AVAILABLE DATA =>

=-=-=-=-=

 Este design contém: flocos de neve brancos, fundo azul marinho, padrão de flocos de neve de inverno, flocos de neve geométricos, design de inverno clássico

=-=-=-=-=

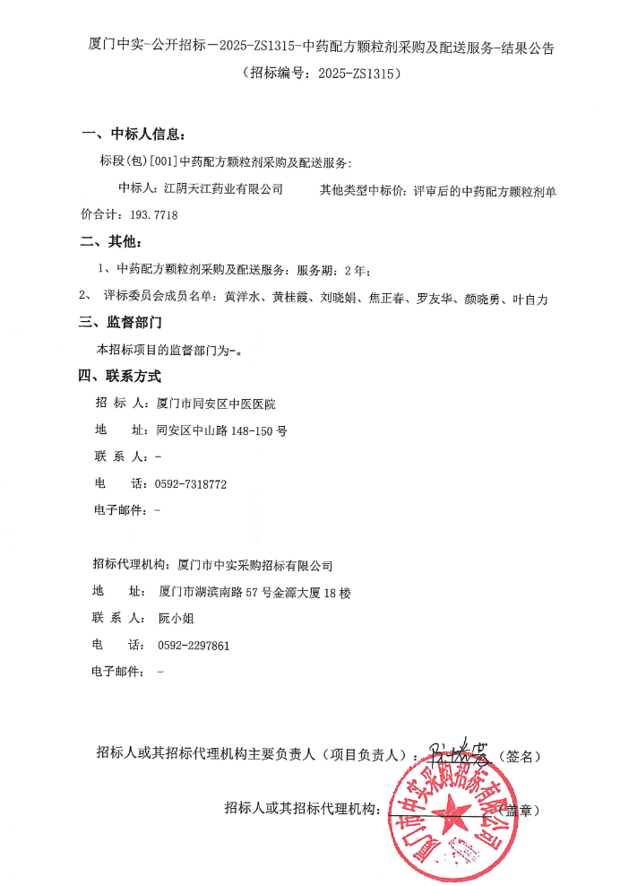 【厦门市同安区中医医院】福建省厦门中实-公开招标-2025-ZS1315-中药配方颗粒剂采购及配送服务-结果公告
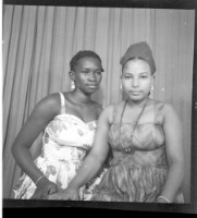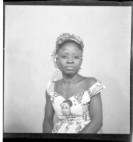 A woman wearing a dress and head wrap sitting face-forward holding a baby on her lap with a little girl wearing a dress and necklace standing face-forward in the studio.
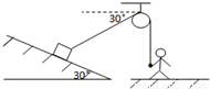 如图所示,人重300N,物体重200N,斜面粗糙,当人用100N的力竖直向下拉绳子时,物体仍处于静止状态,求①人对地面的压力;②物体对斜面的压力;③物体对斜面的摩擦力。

=-=-=-=-=

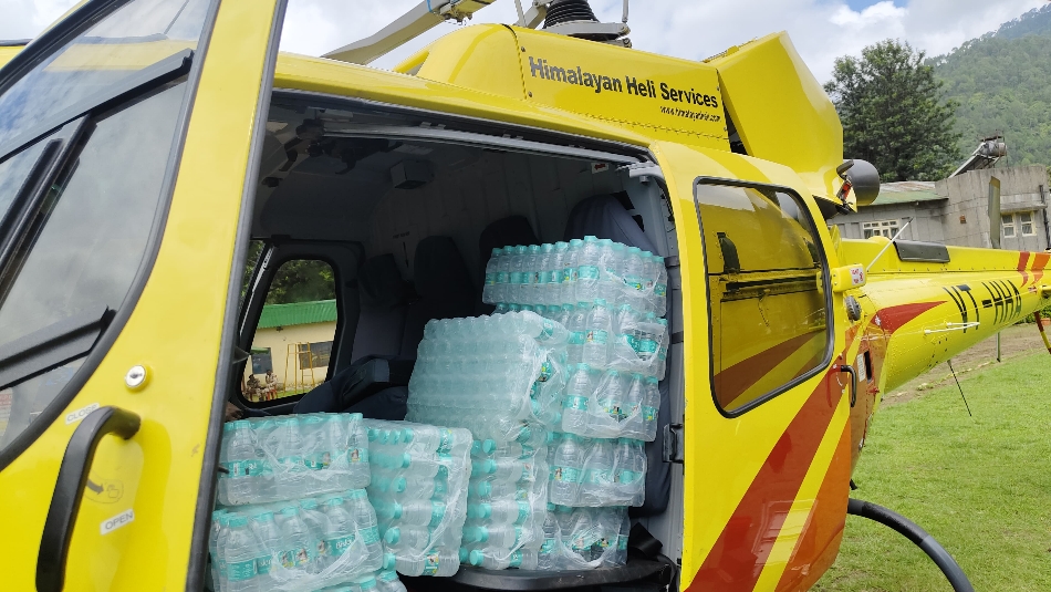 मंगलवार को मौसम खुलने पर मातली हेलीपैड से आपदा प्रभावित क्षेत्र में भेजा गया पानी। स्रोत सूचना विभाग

=-=-=-=-=

EXERCISE GOAL =>
Could you write out exactly the lines of the data above that run from the one holding "A woman wearing" to the one holding "如图所示,人重300N,物体", with both ends in and all pictures out?

OUTPUT FOR THIS TASK =>
 A woman wearing a dress and head wrap sitting face-forward holding a baby on her lap with a little girl wearing a dress and necklace standing face-forward in the studio.
 如图所示,人重300N,物体重200N,斜面粗糙,当人用100N的力竖直向下拉绳子时,物体仍处于静止状态,求①人对地面的压力;②物体对斜面的压力;③物体对斜面的摩擦力。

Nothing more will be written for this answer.